Many newspapers are already dead as a printed product, and many others are on the edge of permanent change.
Again from the Pew Research graph, you could jump to the conclusion that advertising would just be a straight redirection to online/mobile news services, but that lost traditional advertising spend has not, by-and-large, transferred across.
Newspapers, radio and television were uniquely placed; they could reach huge numbers of people very easily. They were a marketer’s dream; all you had to do was make sure your ad stood out better than your competitor’s.
News is a critical element for attracting consumers, obviously in newspapers, but also on television and radio where they act as attractors to settle viewers and listeners in for the programs before and after their bulletins.
But the infotainment industry has changed, scattering across fundamentally electronic devices, and advertising has had to change to meet the new media mix and that new model is far from settled.
The media-scape now includes print newspapers, trade and entertainment magazines, free-to-air and pay-for-viewing television, radio, internet news sites, commercial websites, popular culture sites such as YouTube, Instagram and Pinterest, social media networks such as Facebook, LinkedIn, Snapchat, Twitter, Tumblr and the ever increasing number of blog sites.

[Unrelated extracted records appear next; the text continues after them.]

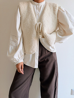 La prenda comienza dando forma a los hombros utilizando vueltas cortas y luego se continúa tejiendo hacia abajo hasta las sisas. A partir de allí, los delanteros se trabajan por separado, realizando aumentos para dar forma al escote delantero y a las sisas. Una vez alcanzada la profundidad requerida, los delanteros se unen con la espalda y el cuerpo se teje en una sola pieza hasta el largo deseado.
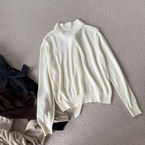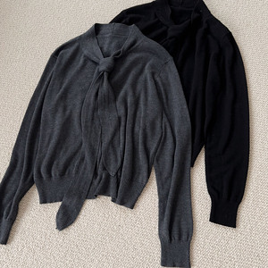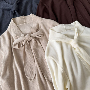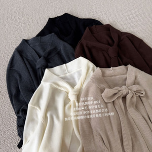 英伦温柔风飘带针织衫女秋冬设计感气质六羊毛长袖上衣亲肤内搭衫
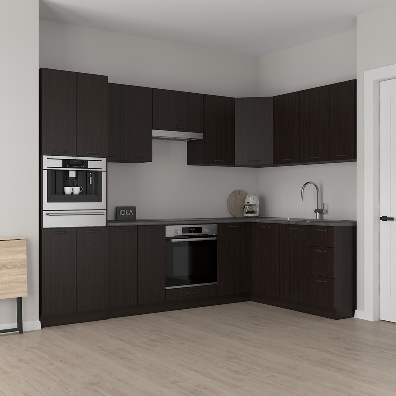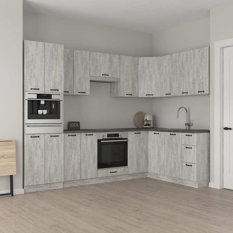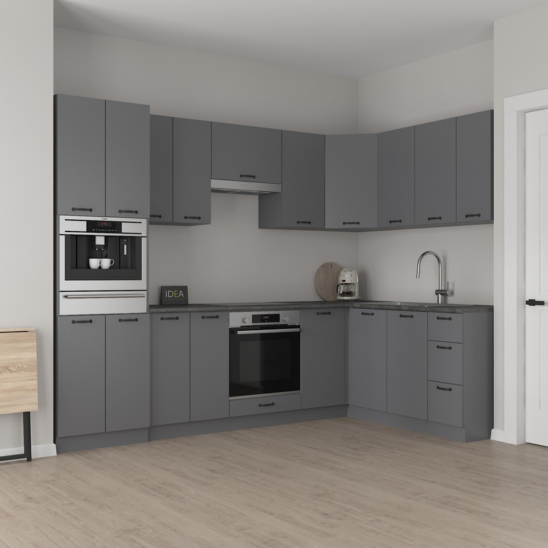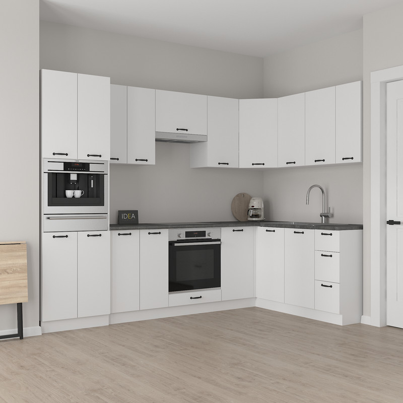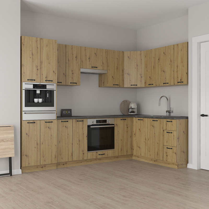 Містка приставна тумба шириною 880 мм — спеціально розроблена для ефективного завершення лінії нижніх кухонних модулів, формуючи зручний кут у плануванні кухні.

Choosing which of these media platforms you should use for your marketing in the most cost effective way is a huge challenge facing all those who need to raise their profiles or market their goods and services.
And what role should Public Relations play in this new media-scape? What can PR offer that marketing techniques generally can’t?
For a start, bloggers can be very influential, with either positive or negative impacts on a business. They can destroy a well-developed advertising campaign, or halve the cost of your advertising spend. They need to be engaged and stakeholder engagement is a PR specialty.
Media placement across the board is still an important tool. If your product or service can be talked about in the media, it adds significantly to the success of any marketing push. PR directly understands what journalists and media outlets need in a story.
Video, photographs and graphics are all powerful components of storytelling and have become even more relevant in the world of YouTube and web-based media sites. We take a holistic approach to this, and storytelling is our specialty.
Encouraging likes and followers on social media can have huge impacts for your marketing through successful engagement programs. You need to have a stand-back approach which pulls apart the campaign in-house from a non-involved player, rather than it being pulled apart in public.
Public Relations is now playing a bigger and more important role in ensuring marketing success across expanded, interactive and diverse technologies. Without public relations involvement in your marketing, you are increasing down-side risks and putting your investment in jeopardy.